As Samuel M. Mencoff, the current Brown chancellor who made the largest share of the new gift, $50 million, with his wife, said: “What can be more exciting or important than finding cures and treatments for diseases that burden the lives of patients in Rhode Island and globally?” as reported by The Providence Journal.

[Of course, if Bruce Lamphear, professor of Health Sciences at Simon Fraser University in British Columbia, were to answer Mencoff’s rhetorical question, he might answer: the need to unleash the power of prevention and re-imagine our approach to disease. See link below to ConvergenceRI story, “Changing the way we think about disease.”]

The right questions to ask
All health care is local and personal. The reality is that approximately 75 percent of the choices that lead to better health outcomes occur not in doctors or nurses offices but in the communities and neighborhoods where we live.

What seems to be a straightforward equation about improving health outcomes becomes complex and complicated when it is addressed through the prism of the current health care delivery system and its ever escalating medical costs.

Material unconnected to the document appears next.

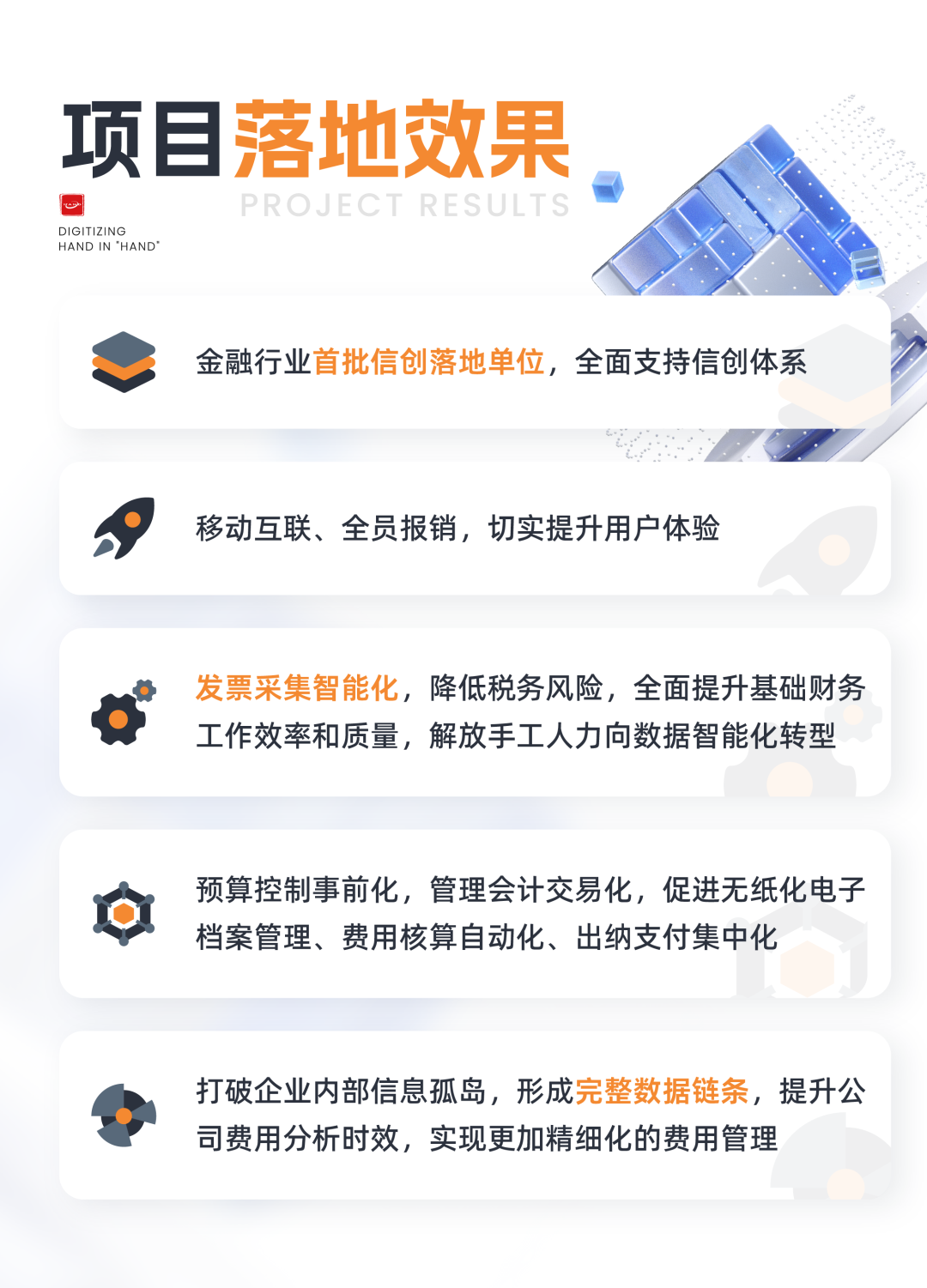 由k8凯发官网财务数智化团队支持建设的国内知名上市证券公司费控系统信创建设项目,参与评选由中国信息通信研究院发起的“2022(第二届)金信通金融科技创新应用案例”征集活动。历时5个多月,通过网络投票、专家初评、线上答辩等环节,最终从近500份申报案例中脱颖而出,荣获“最佳实践案例奖”。财务管理创造价值费控系统信创建设项目该证券公司总资产达2900亿,净资产超过600亿,员工5000余人,在全国87个城市设有177家分支机构,是提供证券、期货、资产管理、理财、投行、投资咨询及证券研究等全方位、一站式专业综合金融服务的上市证券金融控股集团。在勇担国产化建设新使命、当好信创排头兵的背景下,在整合金融行业财务管理领域先进经验的基础上,为更好地满足企业经营发展需要,进一步提升精细化管理水平,利用科技赋能财务管理更加智能化、便捷化,助力财务人员更好地践行财务管理创造价值的理念。该国内知名上市证券公司的系统研发部与计划财务管理总部,携手k8凯发官网财务数智化团队,于2020年便合作开展构建全新费用报销系统(以下简称“费控系统”)相关工作。k8凯发官网解决方案新一代信创国产化费控系统由k8凯发官网财务数智化团队打造的新一代信创国产化费控系统,帮助企业有效实现从年度预算导入、预算调整、预算控制到报销单填报、发票验真、审批、制证、支付等环节完整的业务流程管理。同时,移动端统一集成在其自有平台,从而让员工实现随时随地报销,领导审批也更加便捷,多维度报表查询统计帮助管理人员,能够更加全面地掌握预算执行情况。作为我国证券行业信息系统国产化试点单位之一,该国内知名上市证券公司对软件系统自主创新及自主可控有着极高的要求,通过打造新一代费控系统,引入财务管控的先进理念,改变传统财务工作模式,也为业内企业探索财务系统自主可控、保护数据资产安全、提升财务管理水平、赋能财务工作更高价值,进一步提供新思路。自费控系统落地使用以来,已平稳运行近2年时间,目前已成为企业日常管理运营中不可或缺的重要管理工具!k8凯发官网自主产品全面支持信创体系为响应国家信创发展战略,助力企业完成财务系统国产化升级改造,提升企业信息安全,k8凯发官网财务数智化团队致力于打造国产信创拳头产品,提供信创环境迁移服务,目前已推出融智汇财务管理中台、智慧财务套件HFINs等自主产品,多场景配置,多行业支持,在功能性、兼容性、易用性、可靠性、稳定性和安全性方面均达到国家标准要求。k8凯发官网目前可适配的国产化软硬件产品数据库产品支持TiDb,达梦数据库,人大金仓,GaussDB,南大通用等产品;中间件产品支持金蝶Apusic,东方通TongWeb,东方通TongMg,东方通TongHttpServer等产品;操作系统支持麒麟操作系统,中科方德操作系统等系统;服务器支持鲲鹏,中科曙光,海光,中科可控等服务器。携手k8凯发官网,成就强品牌梦想!

Moving forward, here are some questions to ask and answer, to better understand and make transparent the costs of delivering health care in Rhode Island.

How do we define the academic medical research enterprise in Rhode Island? What is the flow of investment into the academic medical research enterprise from both federal and corporate resources? How much actual money flows in on an annual basis? To whom does the money go? What kinds of specific research does it support? How many jobs are supported by the research, both in direct and indirect jobs? Is there an accessible, transparent database to access this information? Is the flow of research dollars tracked in a systematic fashion? What kinds of collaborative research efforts exist across the boundaries of health systems and academic health institutions?

How much does the Center for Medicare and Medicaid Services contribute to medical education programs in Rhode Island through medical residency programs? What does that money go to support?

What is the breakdown of facilities fees charged as part of emergency room care provided in Rhode Island, hospital by hospital? In a busy flu season, for instance, what are the medical costs of patients with flu seen in the emergency room that then require hospitalization? Is there a surcharge in facilities fees charged to patients to cover the costs of health IT investments?

How much does each hospital system invest in prevention activities compared with clinical care?

Similar to the way that commercial insurers are regulated in Rhode Island by the Office of the Health Insurance Commissioner, could a similar regulatory system be set up to manage and regulate increases in medical costs?

What is the ratio of salaries, comparing CEOs of health systems with nurses and community health workers?